Читать «Палестинские рассказы (сборник)» онлайн - страница 125

Влад Ривлин

– Бережённого Бог бережет, – решили мы.

– К тому же, шанс быть убитым во время таких обстрелов примерно такой же, как и выиграть в лотерею, – сказал бывший врач.

– Вы так думаете? – усомнился я.

– Так написал в местной газете математик Н. из Иерусалимского университета.

Может, это действительно было так, но сирены выли буквально одна за другой, а потом рвануло совсем близко…

– А знаете, по-моему, шанс погибнуть от ракеты всё-таки выше, чем выиграть в лотерею, – глубокомысленно сказал мой напарник и противник в одном лице. Я подумал о том же.

Мы спрятались среди блоков бетона – там нам казалось безопасней всего. Только впопыхах мы не сохранили ту партию. Не помню, то ли телефон у меня упал, то ли нажал я что-то не то… Попытки восстановить партию через аппликацию результатов не дали. Позже мы ещё пробовали играть, но та первая ночь обстрелов была особенно богатой на ракеты. Нам то и дело приходилось укрываться в нашем бетонном укреплении. Потом я по памяти пытался восстановить ту партию, но ничего у меня не получилось – порох уже не тот. У меня всегда была феноменальная память. В школе, бывало, гляну в текст прямо перед уроком истории или литературы, и запоминал стих или рассказ о каком-нибудь историческом событии. А теперь не могу вспомнить всех имён одноклассников. До смешного доходит – совсем недавно пытался и не смог вспомнить имя девушки, в которую был страстно влюблён к концу школы… Не знаю, от чего так: то ли возраст, то ли это у меня после тех обстрелов. А может, мы забываем потому, что сама наша память беспощадно стирает всё то, что человеку кажется уже не нужным? А что касается моего противника, то он на мою просьбу попытаться восстановить ту партию по памяти, только рукой махнул, как и на свою жизнь. Одарённый вроде бы человек, а к себе, к жизни и к своему дару относился совершенно бездарно. Вскоре он запил – запои у него были довольно частые, а потом, говорят, дочь отправила его в клинику для алкоголиков. Но он оттуда сбежал, и с тех пор его никто больше не видел. Поэтому, как сложилась его жизнь дальше, не знаю. А партия та так и осталась недоигранной, да к тому же ещё и бесследно пропавшей. Жаль……………

* * *

А вот из моих личных впечатлений больше всего запомнился эпизод с соседскими детьми, жившими в квартире за стенкой. Однажды, во время сирены, я услышал плач этих детей: не еврейских, а арабских, живущих в Израиле. Плакали арабские дети точно так же, как и еврейские.

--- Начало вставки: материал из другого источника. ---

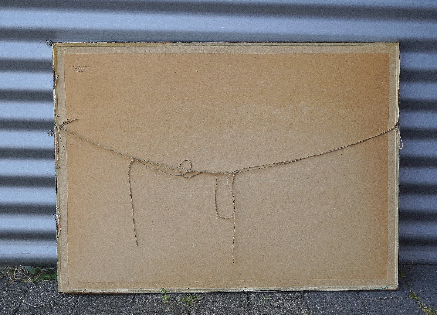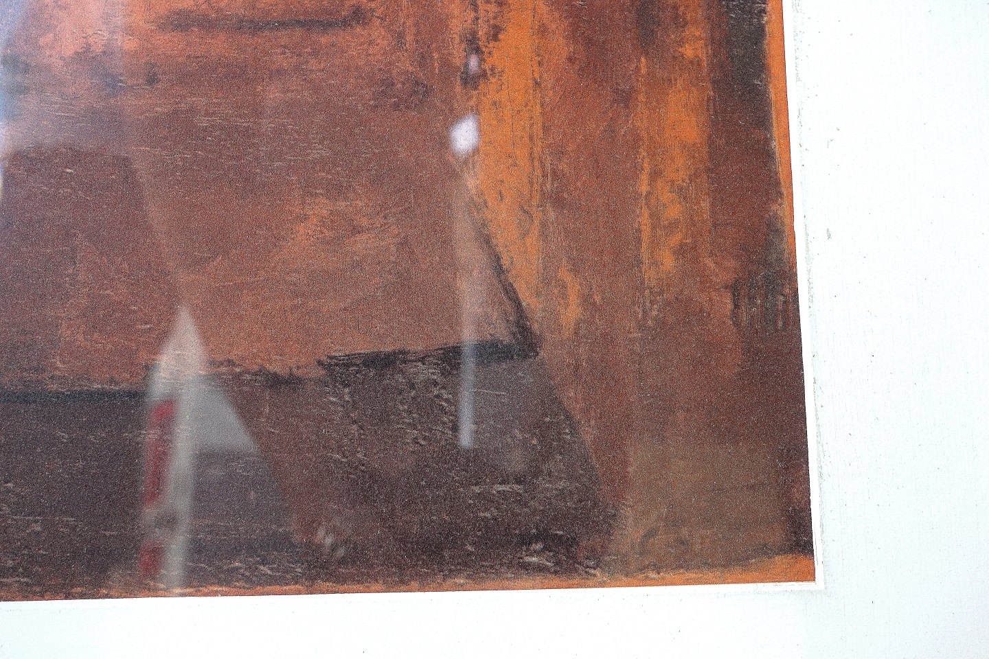 Indrammmet tryk sølvmalet træramme med abstrakt motiv i brune, og orange nuancer
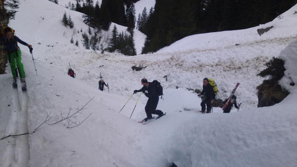 Im Couloir Nördlich von Bärefeld (wo auch der Alpweg durch führt) waren durch Selbstauslösung Nassschnee Lawinen runter gekommen. Diese haben die Aufstiegsspur verschüttet. An steilen Hängen haben sich leicht Schneeknollen gebildet welche den Hang runter rollten. In der Nordwand vom Zahm Andrist war es am Nachmnittag auch kaum ruhig, es kam immer wider was runter.
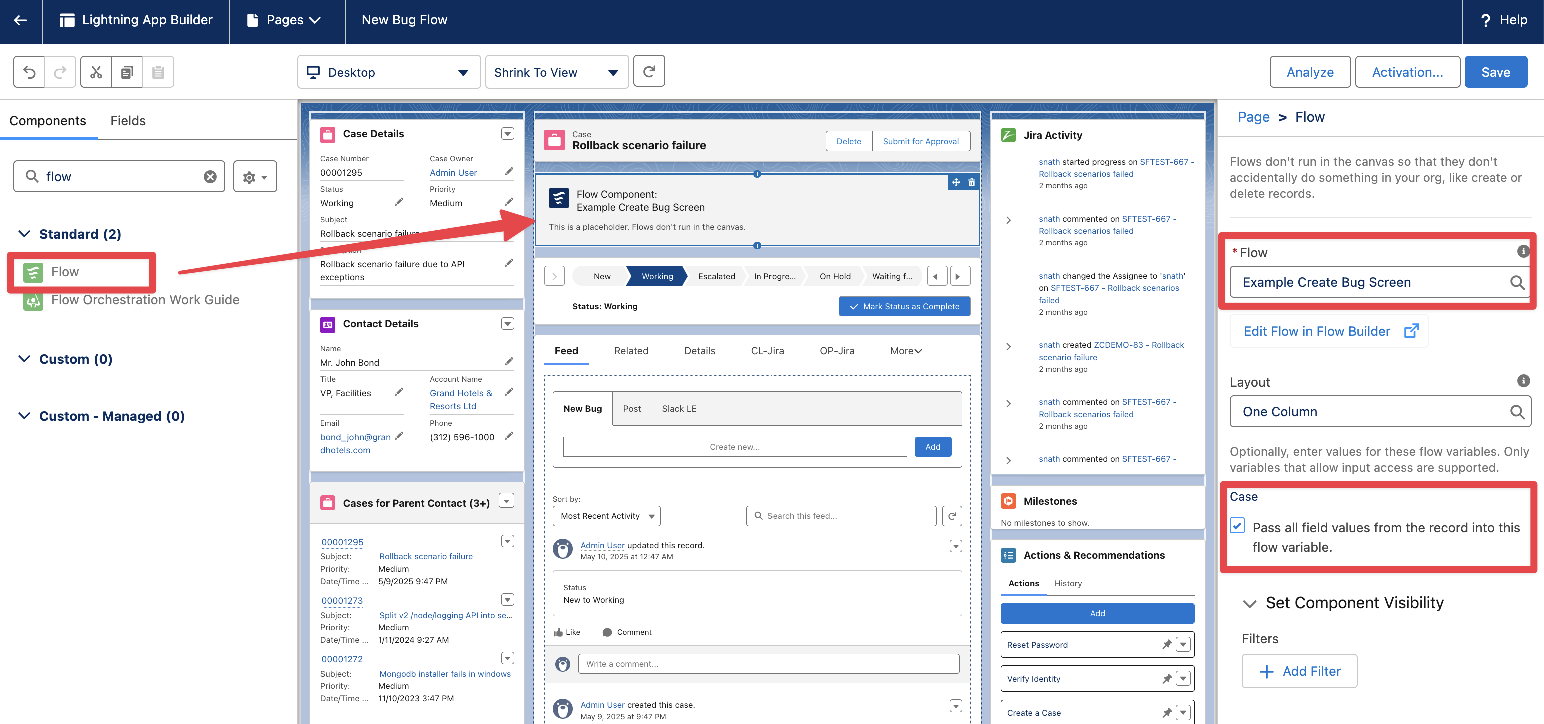 The following example will display a simple Create Bug Flow Screen that can be added to a Case Page Layout.

Только говорили они на другом языке. Во всём остальном они были точно такими же детьми, как еврейские, русские, эритрейские, филлипинские или любые другие дети на нашей земле: играли, ссорились, мирились… И ракет они боялись точно так же, как и все дети. В наш многоквартирный дом они вселились годом раньше. Когда они вселялись, я всё не мог вспомнить, кого они мне напоминают. Пока мужчины затаскивали в квартиру мебель и вещи, женщина, окружённая детьми, сидела на скамейке перед домом. На руках у неё был грудной ребёнок. Она улыбалась, но как-то настороженно. Детей было восемь, а может, и десять: я так и не смог их всех сосчитать, потому что младшие – сыновья – всё время находили себе какое-нибудь важное занятие, отбегали от матери, но потом всё равно возвращались к ней. Те, что постарше, – девочки – от матери не отходили и глядели на обитателей дома вопросительно. Потом я всё-таки вспомнил, кого они напомнили мне: старые фотографии, на которых запечатлена семья моего деда – его мама и одиннадцать её детей. Дед – самый младший из детей – ещё на руках у матери. Этой фотографии без малого сто лет. Годом раньше погиб мой прадед – рабочий на местном заводе. Он погиб вместе с другими рабочими, защищая город от петлюровских банд. Его место и на заводе, и в ЧОНе – части особого назначения или, как их еще называли, коммунистической дружине, созданной для защиты местечка от петлюровских банд, – заняли старшие сыновья… Сейчас от той большой дружной семьи уже почти никого не осталось: старшее поколение прошло войну, и вернулись не все. После войны семьи стали малогабаритными, жизнь разбросала наших сначала по всему Союзу, а потом и по всему миру. И вот уже правнуки не знают русского точно так же, как мы, внуки, не знали или, в лучшем случае, едва понимали идиш. Те ракетные обстрелы мы пережили все вместе: евреи и арабы, русские, китайцы, эритрейцы…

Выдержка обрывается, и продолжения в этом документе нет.